In his recent book ‘Africa 2.0’, Russell Southwood diligently chronicles the history of Africa’s ongoing mobile and internet revolution – and the reasons why many on the continent are yet to truly take advantage of it.
Southwood is well-placed to write this history. As CEO of Balancing Act, a consultancy and research organisation, he’s been a close observer of the African telecoms, internet, and media industries for more than two decades.
He draws from his own substantial archive of research and newsletters, complementing it with 137 new interviews with key industry figures.
From the travails that the first mobile phone providers faced in securing operating licences, to the complexity of rolling out international fibre optic connectivity, this is a story of liberalisation, privatisation and the people who managed to take advantage of it.
Along the way, governments were often reluctant to give up control of lucrative telecoms monopolies, and when they did, the licensing process was often marred by cronyism and corruption.
Political connection
An account of how Rwandan businessman Miko Rwayitare launched Africa’s first mobile network, Telcel, in then-Zaire in the mid-1980s, shows the centrality of good political connections.
In order to persuade President Mobutu Sese Seko to give the company a foot in the door, Telcel gave 200 mobiles to Mobutu and his officials, who proceeded to call each other for a year without paying any bills – or for the phones.
Still, Telcel succeeded in securing a licence, going on to sell handsets at $5,400 and subscriptions at $100 a month to an exclusive circle of Congolese elites and expats.
Other early mobile entrants, such as Strive Masiywa in Zimbabwe and his Econet network, were to face their own legal battles to get governments to give them operating licences.
Gradually, as liberalisation spread across the continent, regulators began to take over the licensing process, some with more transparency than others.
Throughout, mobile and internet connectivity have been drivers for economic growth, and Southwood argues that telecoms were central to a “shift to a different kind of investment” on the continent, away from extraction and exportation of natural resources.
Price shifts
There was investment based on the promise of African consumers, and the services they would need to improve their lives.
Bringing down prices has been central to much of the communications revolution – first for a subscription, then for a phone and airtime, and later for data bundles.
As prices did reduce, either as handset manufacturers brought out more affordable versions, or fibre connectivity drove down data costs, the aspirational nature of having a phone remained constant.
Along the way, newfound connectivity transformed many lives through services such as mobile money and the financial ecosystems it created.

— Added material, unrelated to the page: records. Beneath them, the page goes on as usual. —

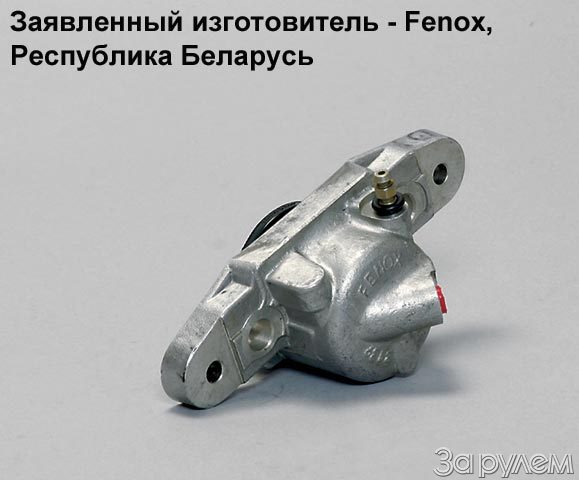 В крупных московских магазинах автозапчастей были приобретены по две детали четырех производителей: Fenox, ВАЗ и две безымянные – все наиболее ходовые. Безымянные цилиндры несколько отличались друг от друга, но эксперты опознали их общую родину – город Тольятти. Поэтому будем называть их «Тольятти-1» и «Тольятти-2». Вазовские цилиндры пришлось закупать вместе с суппортом, а затем отделять друг от друга – отдельно они не продаются. Зато с «Феноксом» – никаких проблем.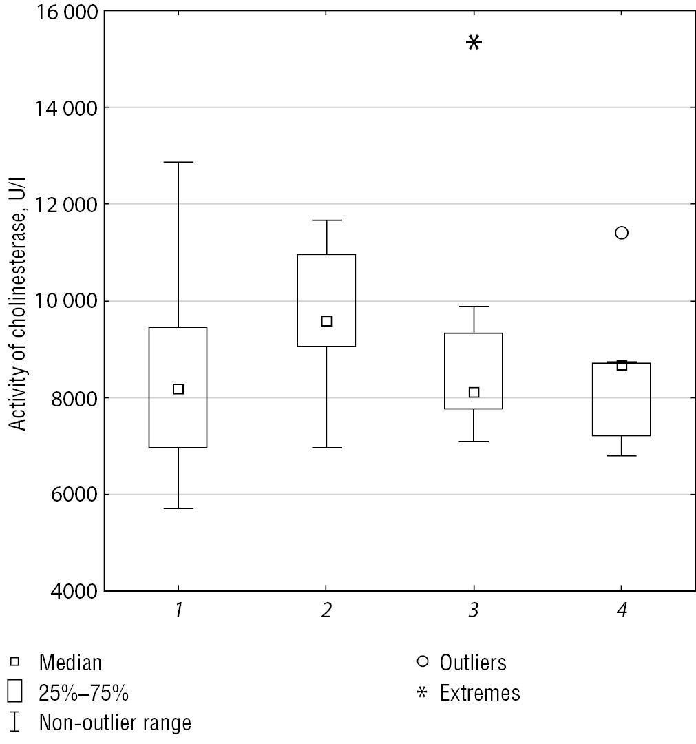 Specifically, the level of peripheral serum cholinesterase (pChE) is an available indicator whose level changes may serve as a predictor of the development and progression of neurodegenerative processes associated with cognitive impairment [8]. PChE is an α-glycoprotein synthesized by the liver and existing in two main forms: acetylcholinesterase (AChE) and butyrylcholinesterase (BChE). In blood, the ratio of BChE to AChE is 412.5 : 1, but AChE is the more active enzyme [9]. In clinical practice, the assessment of BChE and pChE levels is used to diagnose organophosphate poisoning [10].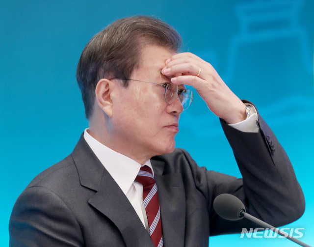 [서울=뉴시스]배훈식 기자 = 문재인 대통령이 27일 청와대 영빈관에서 열린 국토교통부와 해양수산부 업무보고에 참석해 김현미 국토부 장관의 업무보고를 받으며 이마를 긁적이고 있다. 2020.02.27.

Meanwhile, the explosion of digital media kept people informed and entertained in new ways.
Human behaviour vs technology
And yet a theme running through Southwood’s book is, as he puts it, “the rate of changing human behaviours is far slower than the introduction of technologies”. An illustration of this is the ongoing disparity between the number of people who have a mobile phone subscription, and those who actually use it on a regular basis, particularly for data.
According to the GSMA, 49% of Sub-Saharan Africans can access the internet but don’t.

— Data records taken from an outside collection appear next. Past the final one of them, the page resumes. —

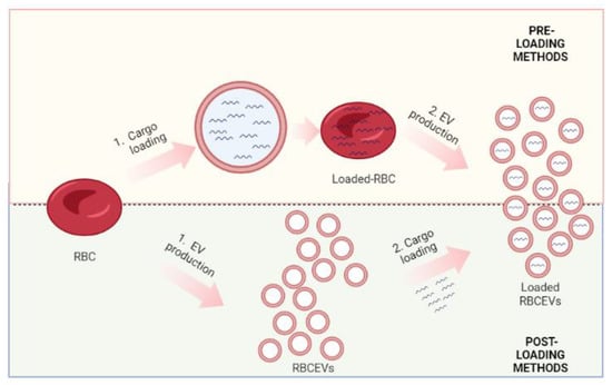 Methods for cargo loading in RBCEVs. Loading methods have been divided into two main classes, namely pre-loading and post-loading methods. In the first, the cargo is loaded into the donor cell before the vesiculation process. While, in the second method, the cargo is loaded into the already produced vesicles. Created in Biorender.com, accessed on 9 January 2023.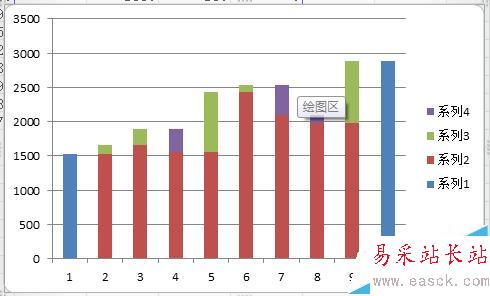 3、如下圖1選中數據,插入-柱形圖-堆積柱形圖,得到圖2所示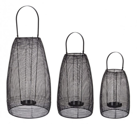 Juego de 3 faroles de acero NUCLEOS en tamaño decreciente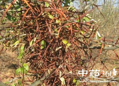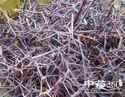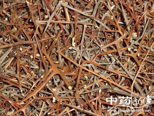 又名圪针,多斜切片,表面铅灰色或黑色,皮孔圆形,棕色,中央具一纵线,茎分枝处具一对黑色托叶刺,刺细长尖锐,直或略弯曲;断面皮部极窄,木部呈木质化,髓部为灰褐色。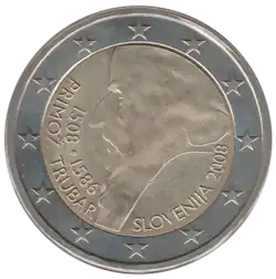 - ↑ JO C 125/09 du 22/05/2008 : Slovénie 2008 (500e Anniversaire de Primož Trubar).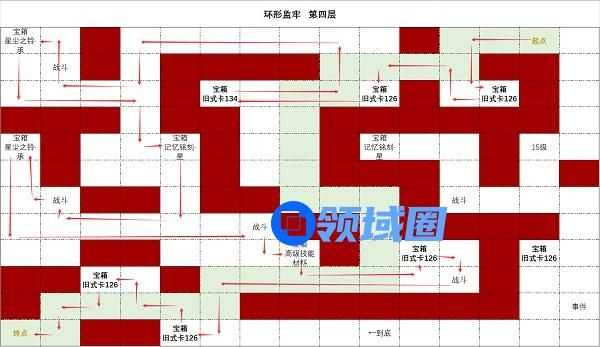 1、环形监牢第四层的地图比较大,探索起来比较费时间,玩家可以按照上图的路线走。

Bringing down prices has been central to much of the communications revolution.”
A similar issue is faced by mobile money, barring a few big players, notably Safaricom’s M-Pesa which was funded by UK aid.

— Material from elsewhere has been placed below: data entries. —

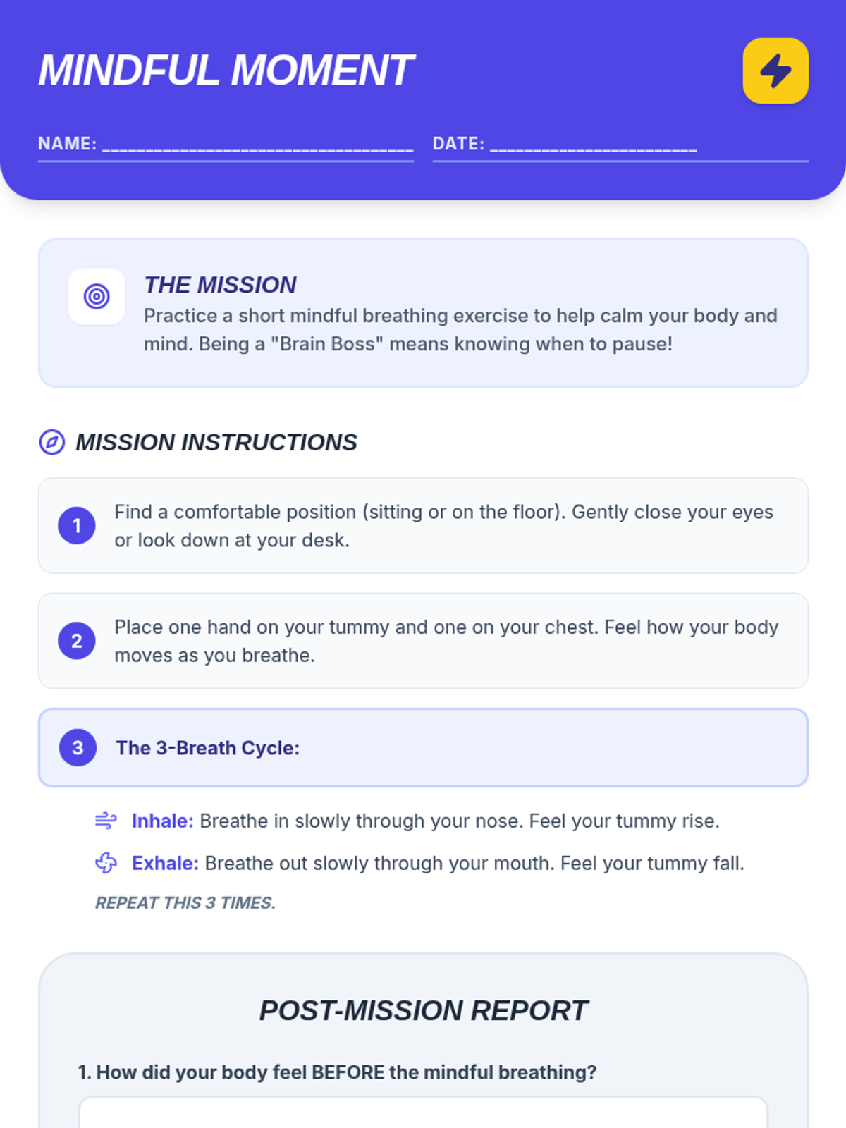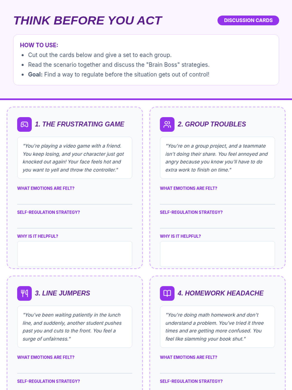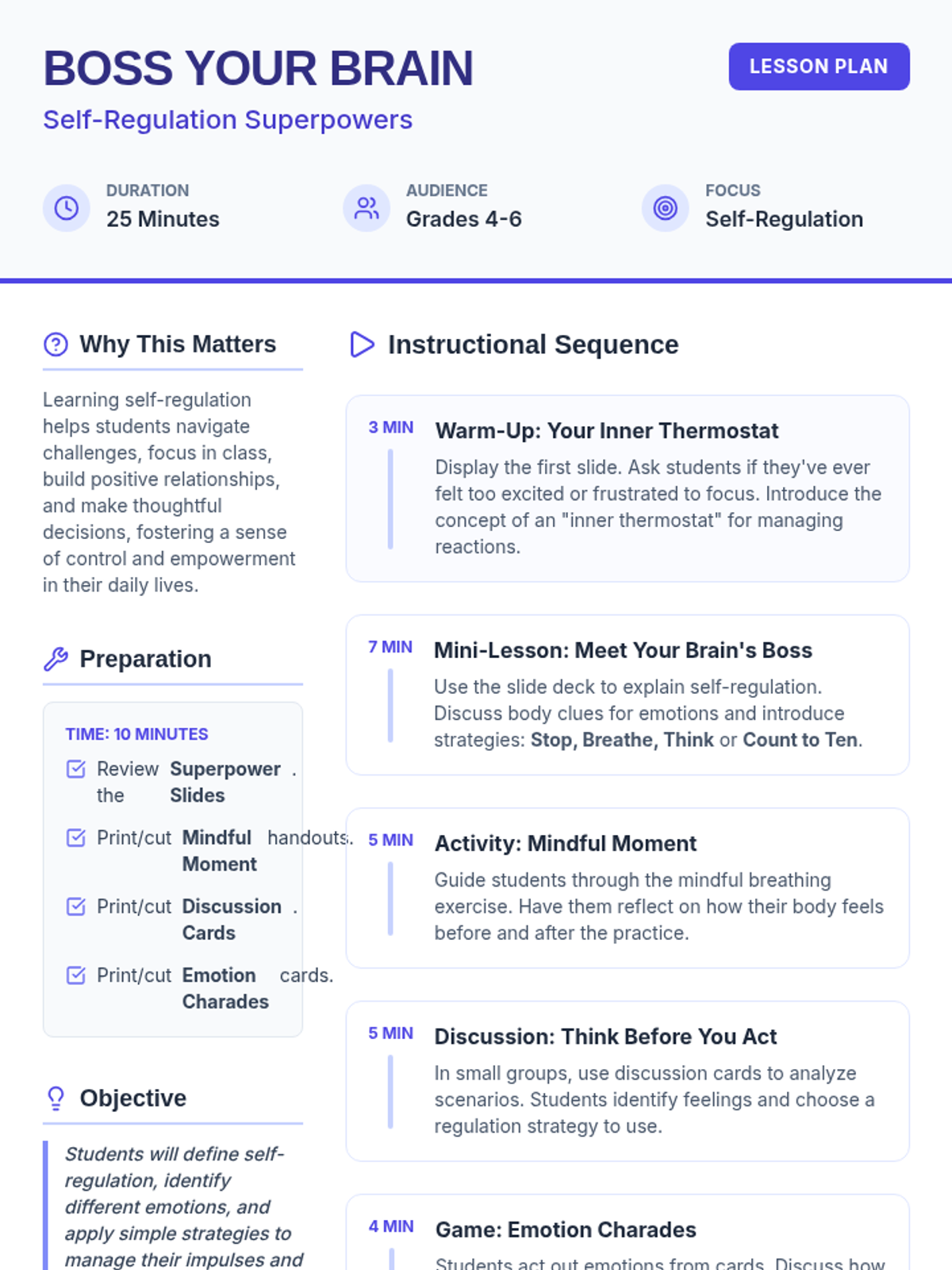 A 25-minute lesson for 4th-6th graders on self-regulation, using the 'Brain Boss' metaphor to teach students how to manage their emotions and reactions.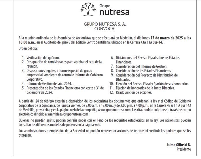 Grupo Nutresa ya convocó a la Asamblea General de Accionistas para el 17 de marzo; allí se presentará el balance del ejercicio en 2024 y el orden del día contempla 12 puntos, entre los que se incluye "readquisición de acciones".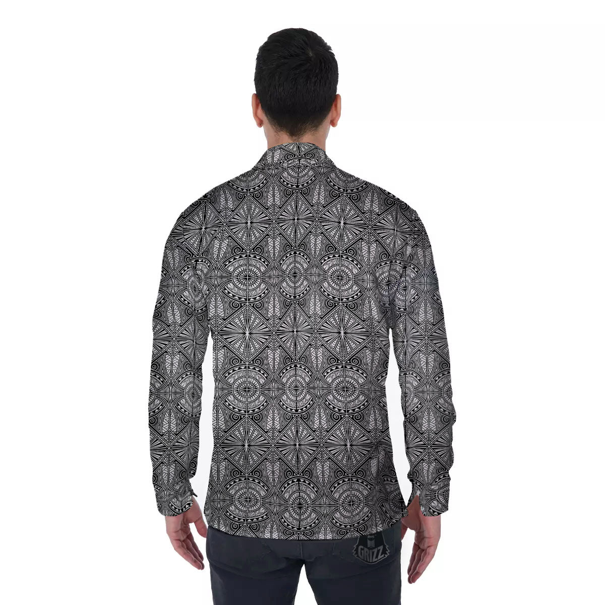 Maori White And Black Print Pattern Men's Long Sleeve Shirts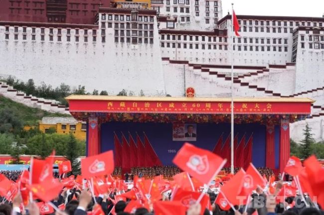 图为西藏自治区成立60周年庆祝大会现场 摄影:边子捷

By 2020, there were 548 million registered mobile money accounts in sub-Saharan Africa, but only 159 million – less than a third – were active.
He identifies a number of key issues holding back the wider take-up of communications, including:
- Poor education and literacy: less-educated potential internet users have more trouble imagining how they would use it;
- Language barriers: a paucity of services available in local languages countries also hinders wider take-up;
- Connectivity remains centred on urban areas, with many who live a few kilometres outside them struggling for data coverage.
Meanwhile, those with a connection have tapped into new opportunities. As Africa’s cybercafes gave way to digital incubators, Africa’s start-up ecosystem flourished.
Disrupting the market
Investment in African start-ups rose from $186 million in 2015 to $701 million in 2020, the majority pouring into South Africa, Kenya and Nigeria.
These start-ups are part of a new way of imagining the continent, the impact of which on young Africans Southwood says “cannot be overestimated”.
Yet, while some of the emerging companies have aimed to disrupt their markets, he questions how innovative many of them really are: “Many African start-ups simply aim to produce knock-offs of European ideas in the hope that they will be acquired, or invested in.”
One reason is that Africa’s start-up ecosystem is dominated by young men, many with little actual business experience, who struggle to convince potential investors to part with their cash.
Meanwhile, the proportion of African smartphone users willing to download apps and actually use them remains small.
One route to scaling up is to try a multi-country approach, but Southwood suggests few digital start-ups currently have sufficient knowledge of markets outside their own to create a real pan-African success story.
Despite this, there’s little doubt that the new connectivity has changed the lives of millions of Africans.
As the continent’s younger generations of digital natives begin to take positions of power in the coming years, it will be their turn to write new chapters in this ongoing revolution.